_TASK GOAL_:
In the records below, find the line with "Students admire some" and repeat exactly every line from it through the line with "Abrufübung Frauchen Viktoria". Pictures stay out.

_DATA SHOWN_:
○ ○ ○ ○ ○ ○ ○
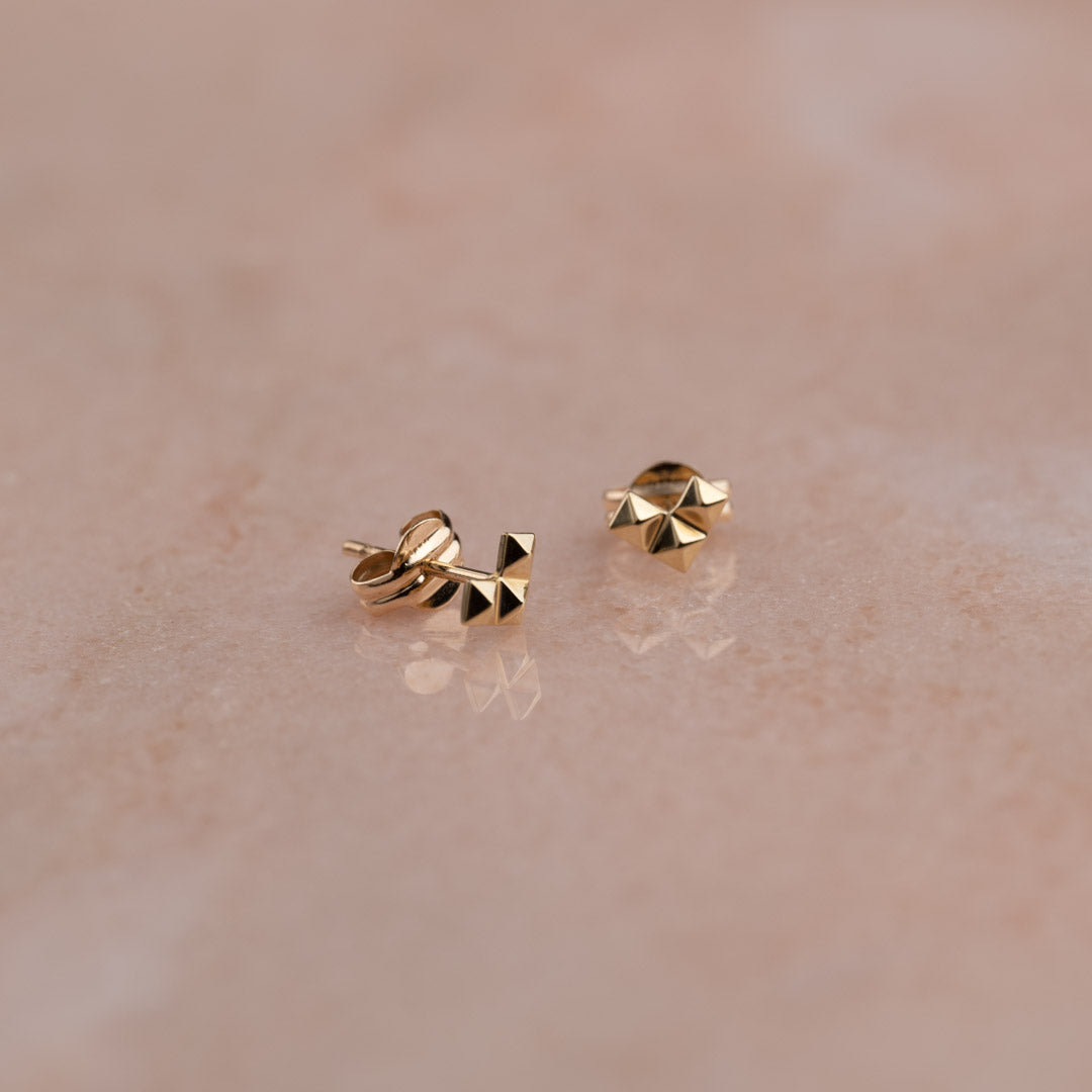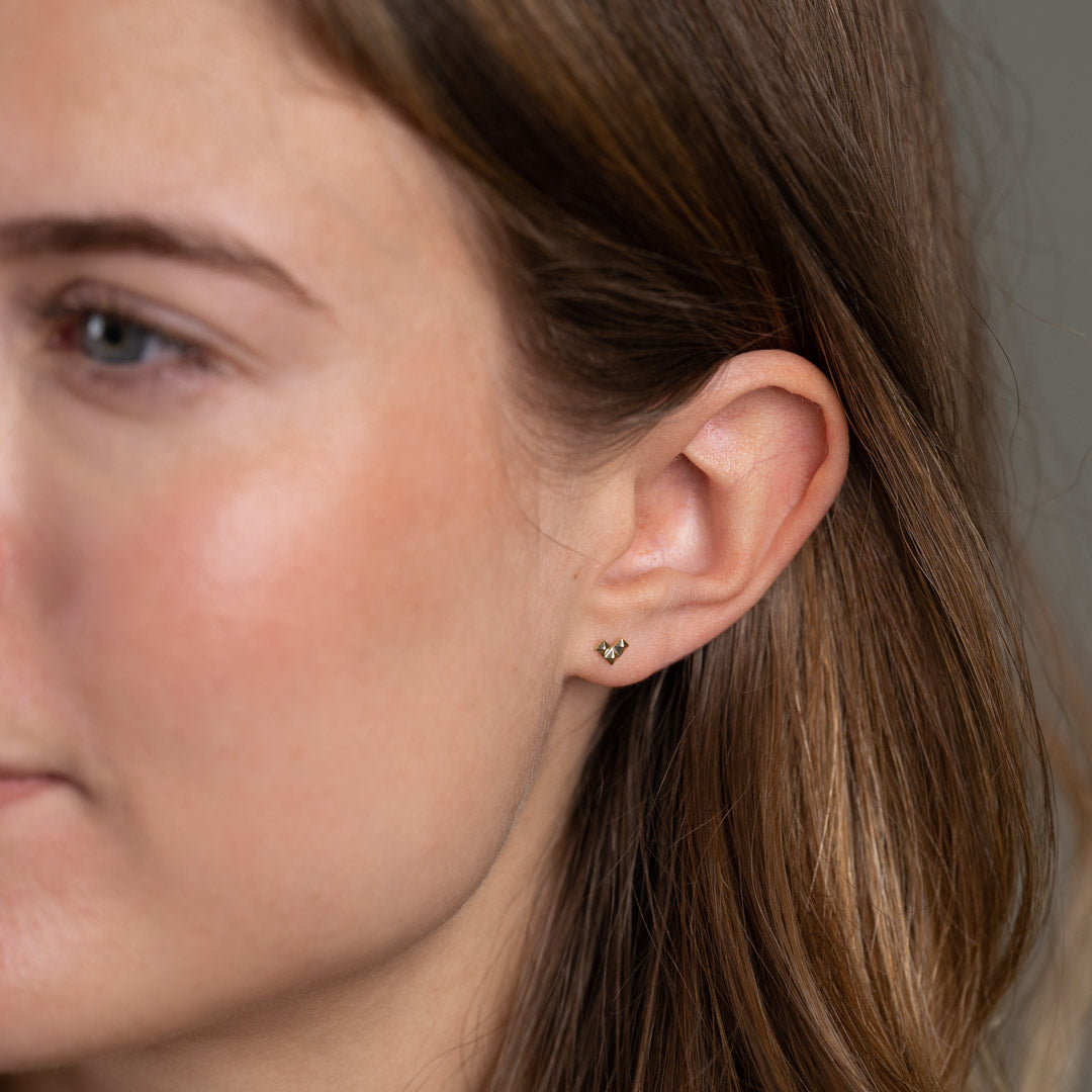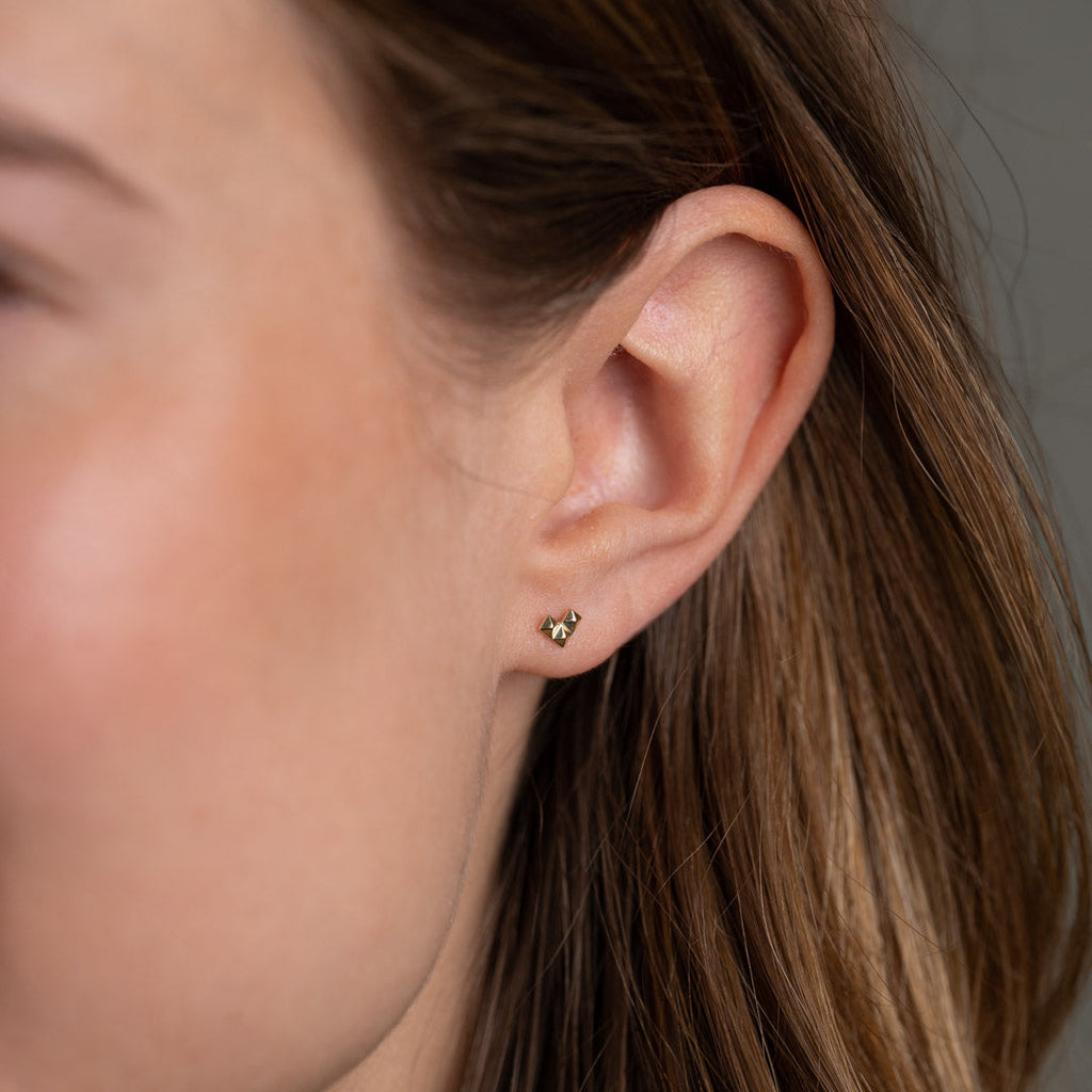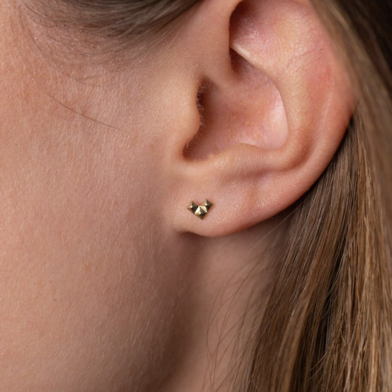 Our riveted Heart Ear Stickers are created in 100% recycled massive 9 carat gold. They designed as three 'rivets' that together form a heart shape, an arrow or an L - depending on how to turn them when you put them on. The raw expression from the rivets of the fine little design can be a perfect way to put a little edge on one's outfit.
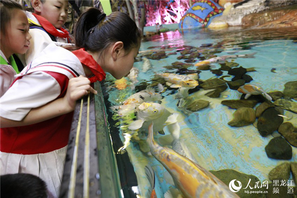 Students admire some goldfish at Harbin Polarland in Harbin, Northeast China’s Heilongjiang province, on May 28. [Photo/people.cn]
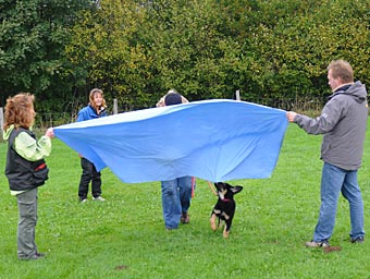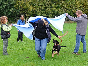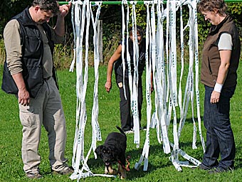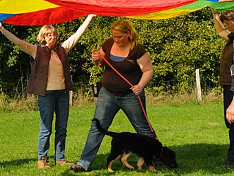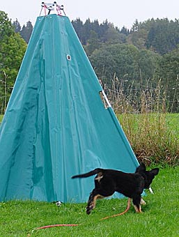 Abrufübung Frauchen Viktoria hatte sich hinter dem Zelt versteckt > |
○ ○ ○ ○ ○ ○ ○
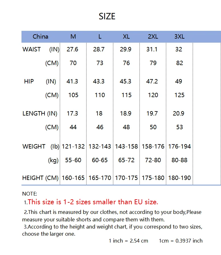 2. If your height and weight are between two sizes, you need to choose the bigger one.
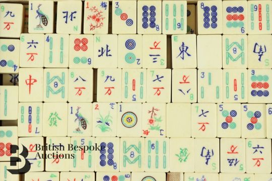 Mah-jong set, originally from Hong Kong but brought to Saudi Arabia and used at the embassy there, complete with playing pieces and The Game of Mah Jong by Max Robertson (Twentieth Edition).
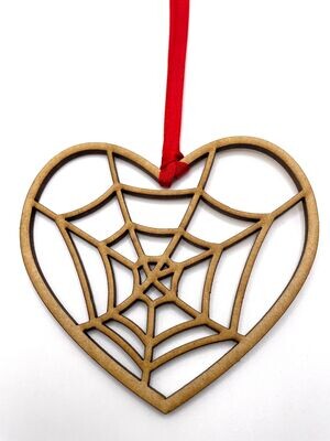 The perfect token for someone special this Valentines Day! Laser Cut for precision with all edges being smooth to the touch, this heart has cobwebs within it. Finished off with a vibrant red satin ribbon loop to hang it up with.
○ ○ ○ ○ ○ ○ ○
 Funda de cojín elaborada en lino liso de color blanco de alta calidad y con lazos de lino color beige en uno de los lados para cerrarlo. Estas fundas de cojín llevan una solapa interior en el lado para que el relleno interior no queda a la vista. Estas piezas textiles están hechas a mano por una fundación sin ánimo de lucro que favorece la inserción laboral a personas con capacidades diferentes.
○ ○ ○ ○ ○ ○ ○
_EXERCISE ANSWER_:
 Students admire some goldfish at Harbin Polarland in Harbin, Northeast China’s Heilongjiang province, on May 28. [Photo/people.cn]
 Abrufübung Frauchen Viktoria hatte sich hinter dem Zelt versteckt > |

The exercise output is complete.